Index Concept

BangDB allows index on a property or set of properties to be created and later used during the query time. Having index on properties help the retrieval process by using the stored reference to the actual data. The usefulness of index on certain properties in certain cases is well known and established.

There are however challenges in managing the overhead of indexes and at the same time optimal use of resources during persistence or retrieval. BangDB tries to address these challenges by implementing several stuff around it while implementing the index. For example the index on different data types are treated differently internally which allows db to perfrom various operations in much efficient manner and at the same time avoiding lot of writes and reads at different places.

Index Implementation Overview

BangDB creates separate file for index (with .idx extension) with the name of the file as the index name. The index file basically keeps the key/field on which it's indexed and the offset to the actual data.
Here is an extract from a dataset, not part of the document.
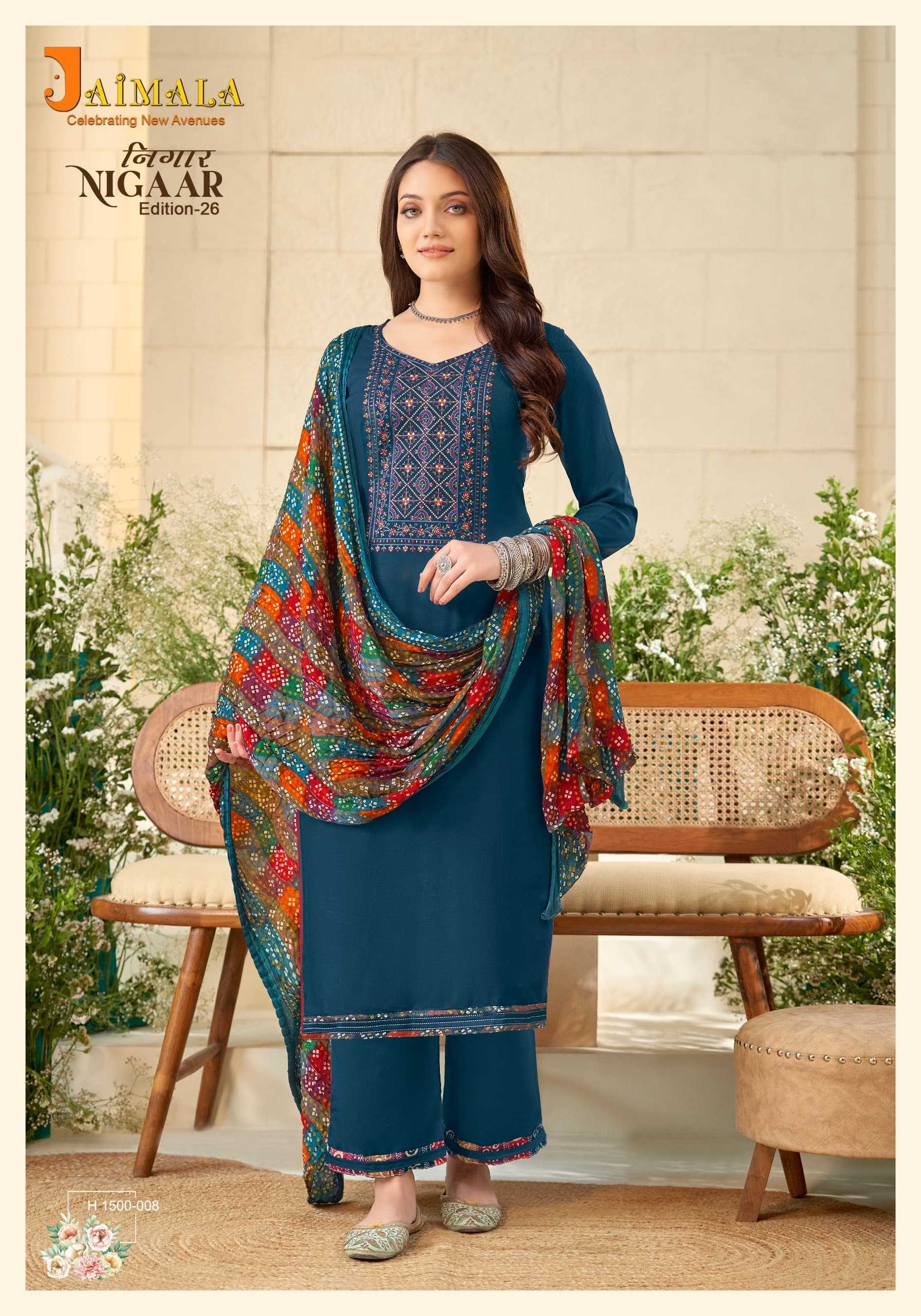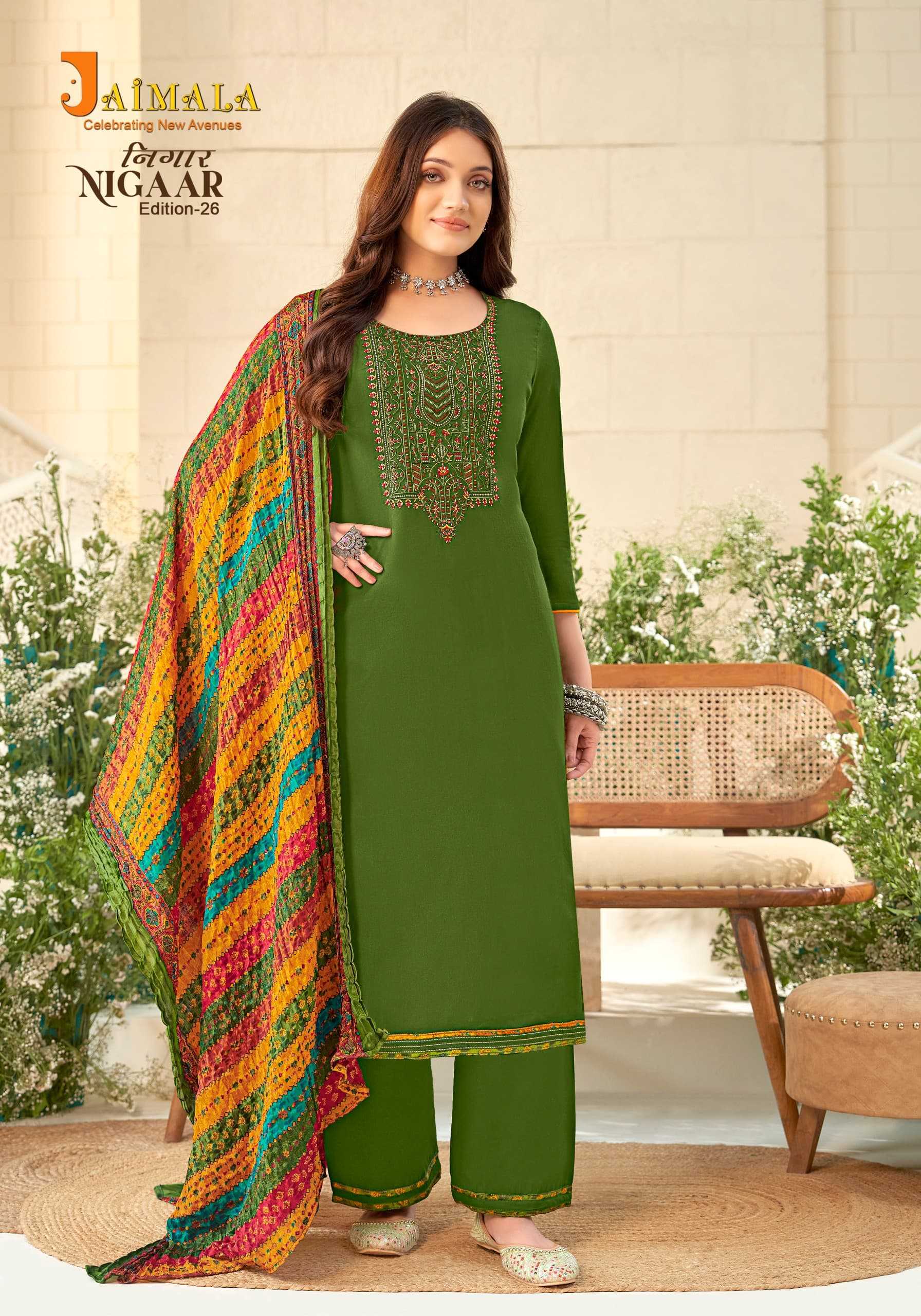 jaimala nigaar vol 26 beautiful unstitch salwar kameez with bandhej dupatta

Hence the concept of BangDB index is similar to that of other database systems.

When data is stored, BangDB always index on primary key, however user may create secondary indexes as many as required. BangDB always creates primary index implicitly however for secondary keys user need to create index with appropriate configuration. The primary key can be indexed using Btree or Hash however the secondary index can be created using Btree only at the moment

Types which support Index

BangDB supports index and operations around it for wideTable and wideConnection. Hence user need to create wideTable and create all indexes on it. Then get a wideConnection to the table and use put and scan etc... operations.
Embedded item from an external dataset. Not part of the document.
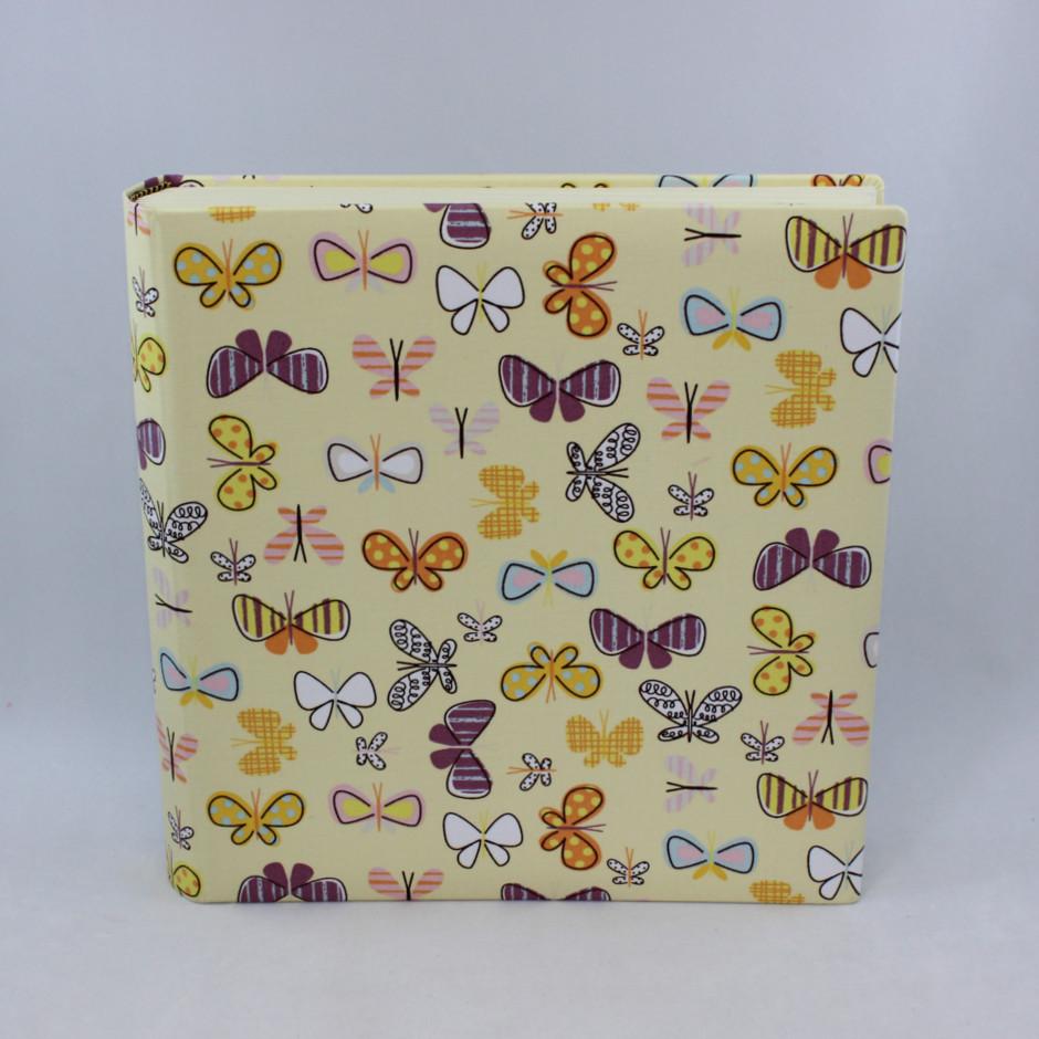 Das wunderschöne Fotoalbum Farfalle besticht durch seine frischen Gelbtöne und den vielen bunten Schmetterlingsmotiven.
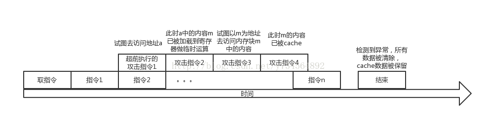 a的内容被送入寄存器中参与临时运算,尝试以a的内容做地址去访问某块内存,导致该地址内容被cache;一个周期结束时,被检测出非法指令,所有数据被清除,但是cache中并未擦除;此时对整个内存进行扫描,测试访问速度,地址x访问时间极短说明该地址被cache,进而推断出a地址中的内容为x。

Note that wideTable and wideConnection is super set of table and connection, hence support all the APIs and use cases that normal table and connection would support. But it also adds the support of index (for both unstructured and structured data) for wideTable and wideConnection

Index on data

BangDB allows user to add index on opaque or structured data both. This comes handy because many a times we wish to store data which is not structured but we would like to retrieve them using some key other that the primary key which is not explicit in the data. In this case user needs to specify the index key and value with every put. The wideConnection allows user to do that.
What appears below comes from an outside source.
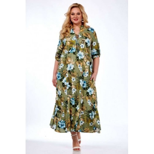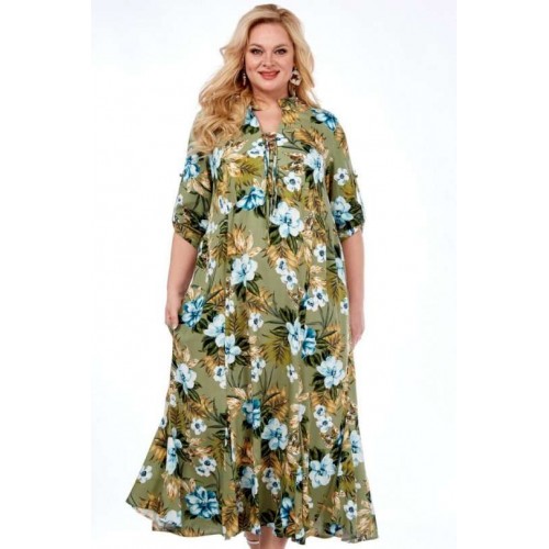 Длинное платье от Celentano из натурального вискозного полотна. Мягкая легкая ткань с интересным принтом для яркого лета! По полочке подрез ниже линии груди на сборке. Горловина с воротником-стойкой, вырез фигурный с завязками. В боковых швах расположены функциональные карманы. Спинка цельнокроеная. Рукав втачной одношовный с патой, застегивающейся на пуговицу. По низу изделия вставлены клинья. Ткань вискоза 100%, не тянется. Длина изделия 125 см. Длина рукава 48 см. Рост модели в маленьком размере 175 см, в большом 170 см.
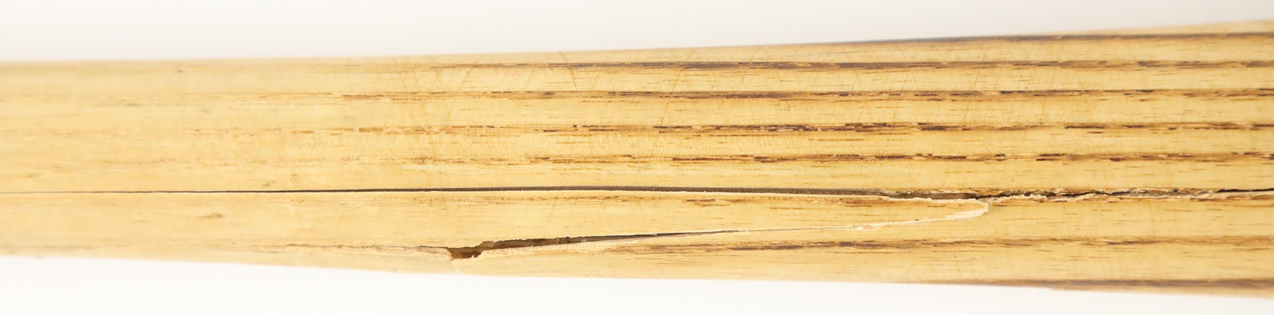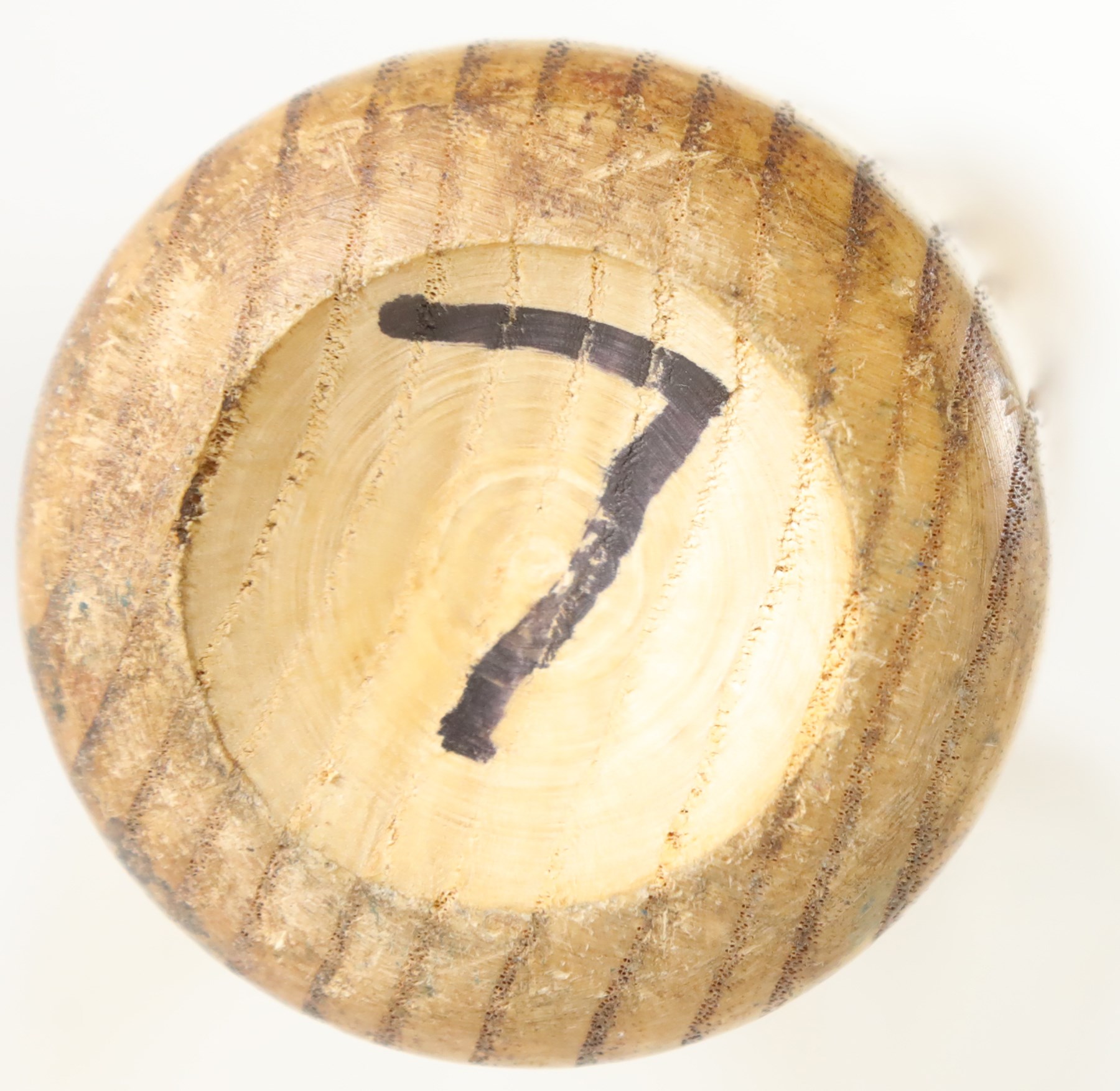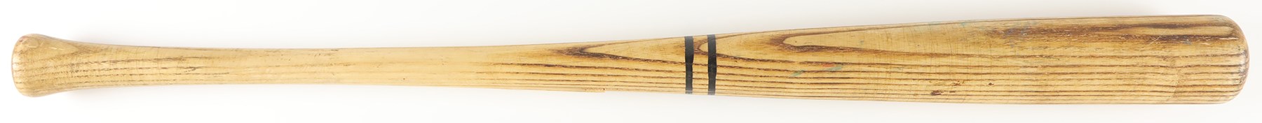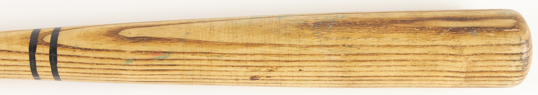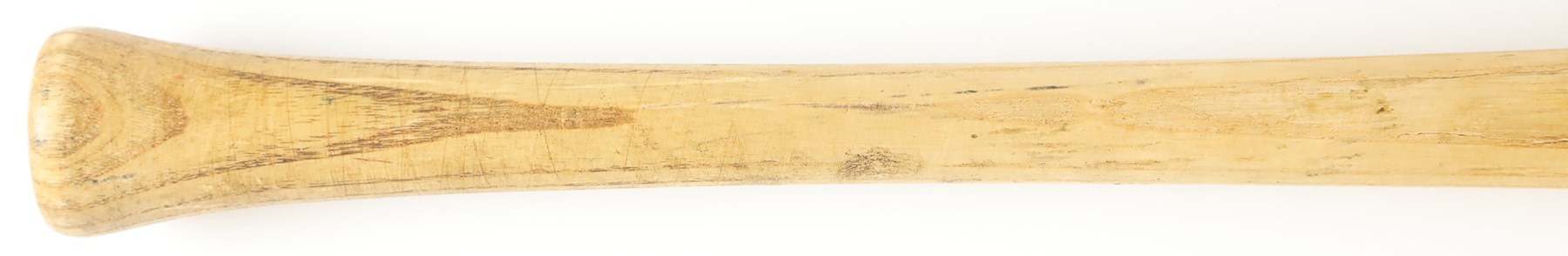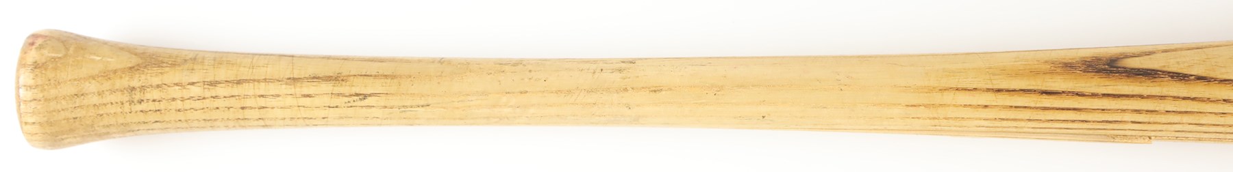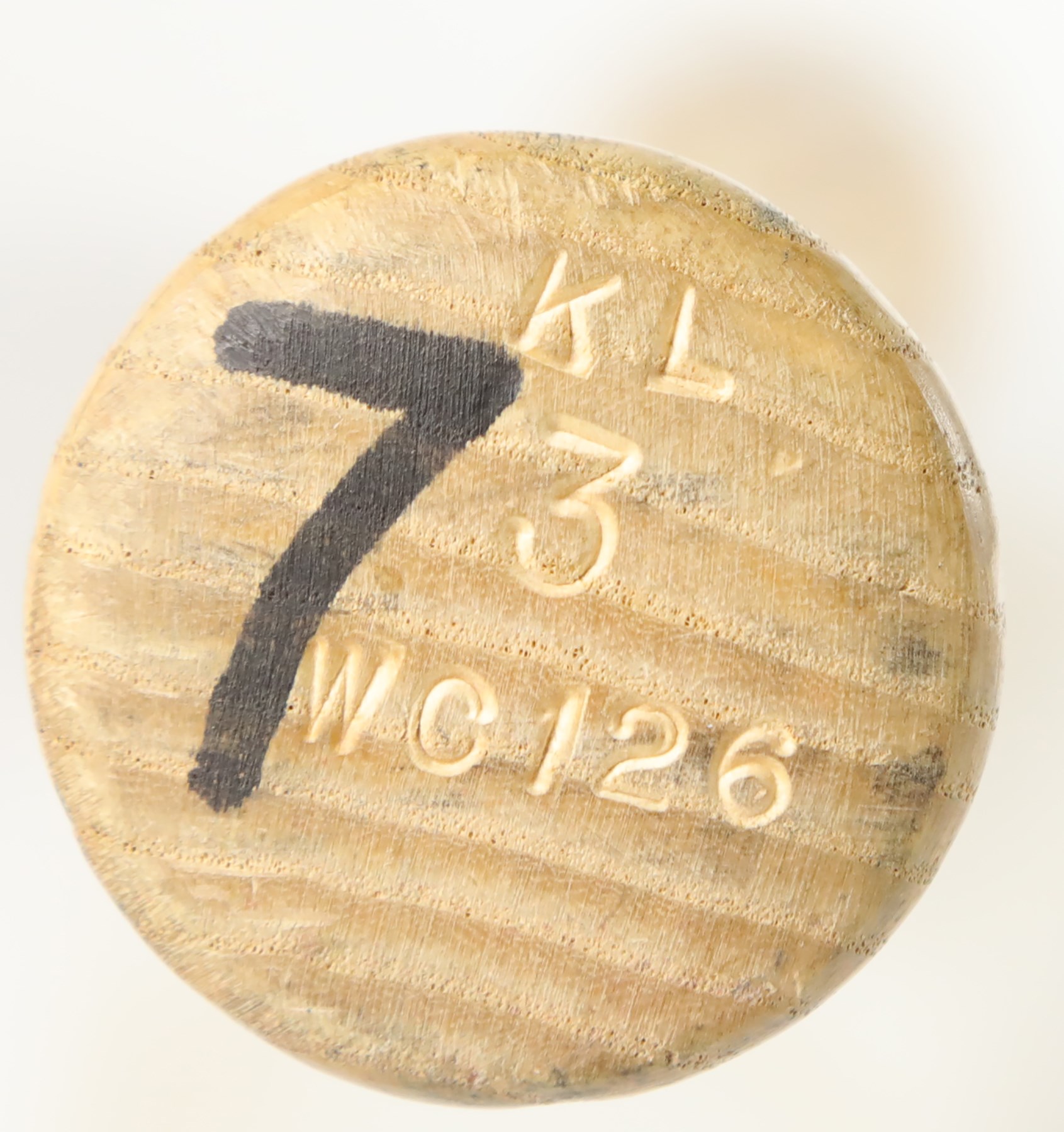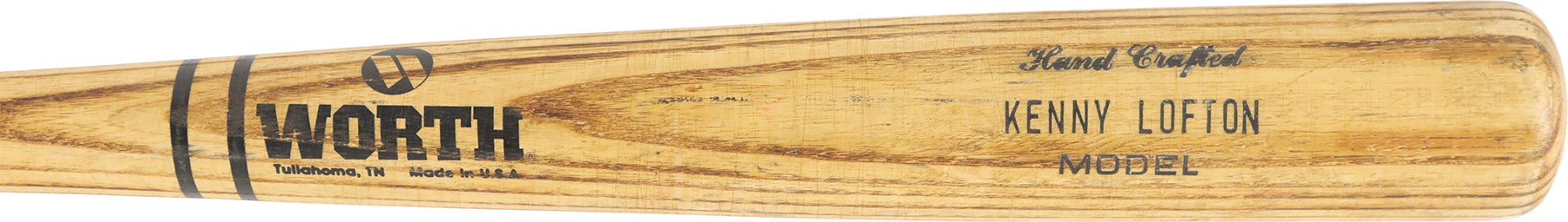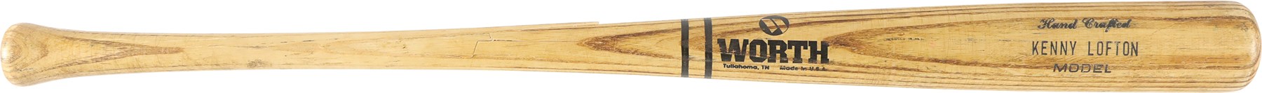 The offered game used bat is a Worth bat, made in Tullahoma, Tennessee. Etched onto the barrel is "Hand Crafted/KENNY LOFTON Model." The bat has a hollowed-out barrel end, with "7" in the barrel end, printed in black marker by an unknown hand. Etched on the handle tip is "K L 3 WO126." Also on the handle tip is "7" printed in black marker by an unknown hand. The bat has a length of 33" and a weight of 30 ounces. The bat has a number of unrepaired cracks on the high handle. The offering also shows good use, with scrapes, a few tiny stains, ball marks, and paint transfers.

For structured document like json (currently supported one), user may just have to create index on a particular field in the document and then with every put, BangDB adds appropriate indexes implicitly.

Sorting

BangDB uses Btree for storing the index. This means that user may do scan over the index to select the data. In coming release Hash based index will also be supported.

User can specify whether the sorting will be in increasing or decreasing order. However when scan is done, it returns resultset object which can be traversed in any direction.

Nested Index

For json data, user can add index on nested fields as well. For example;

	 jstr = "{"fname":"Alan", "lname":"Turing", "life":{"Nationality":"British", "education":{"school":"sherborne school", "university":"cambridge"},
	 		 "born":"23 june 1912", "died":"7 june 1954"}};
	 
	 //In this case we can add index for life.education.university. Note that the individual fields are separated by '.'.
	 
	 wtbl->addindex_str(" life.education.university", 32, true);
	 
	 //The 32 is fixed size for the value contained for the index and 'true' means duplicates are allowed.
	 

Now while searching we can scan using this index and specify the values accordingly, we will get the appropriate resultset.

Composite Keys

BangDB allows user to create composite key using two or more keys(fields in json doc) and store data for the key. This helps in scenarios where we need to define the composite key as unique even though the individual keys are non unique. The DB creates index on the composite key and allows users to search accordingly. Note that user need to set the key_type explicitly to tell db that composite keys will be used for the table. For ex;

	  table_env tenv;
		...
	  tenv.set_key_type(COMPOSITE_KEY);

	  table *tbl = db->gettable(tableName, OPENCREATE, &tenv);

	  //BangDB will use all the parts of the composite key while doing the search so that right results are returned.
	  
	  

Unique or Non-unique key

BangDB allows duplicate keys to be stored. This is true for both primary key and for secondary keys. For table user may set the allow_duplicate property on table_env or later when table is created or opened, one can call the setAllowDuplicate() to set or unset the duplicates. Note that in case of duplicate is allowed, it's advisable to use scan to retrieve data as there can be more than one row for a given key

ResultSet Operations

Indexes help in retrieving data, but currently user can scan a table using one field at a time. For example, let's say we have created two indexes, one on "name" and other on "department". So we will get two resultsets when we scan first on name and then on department.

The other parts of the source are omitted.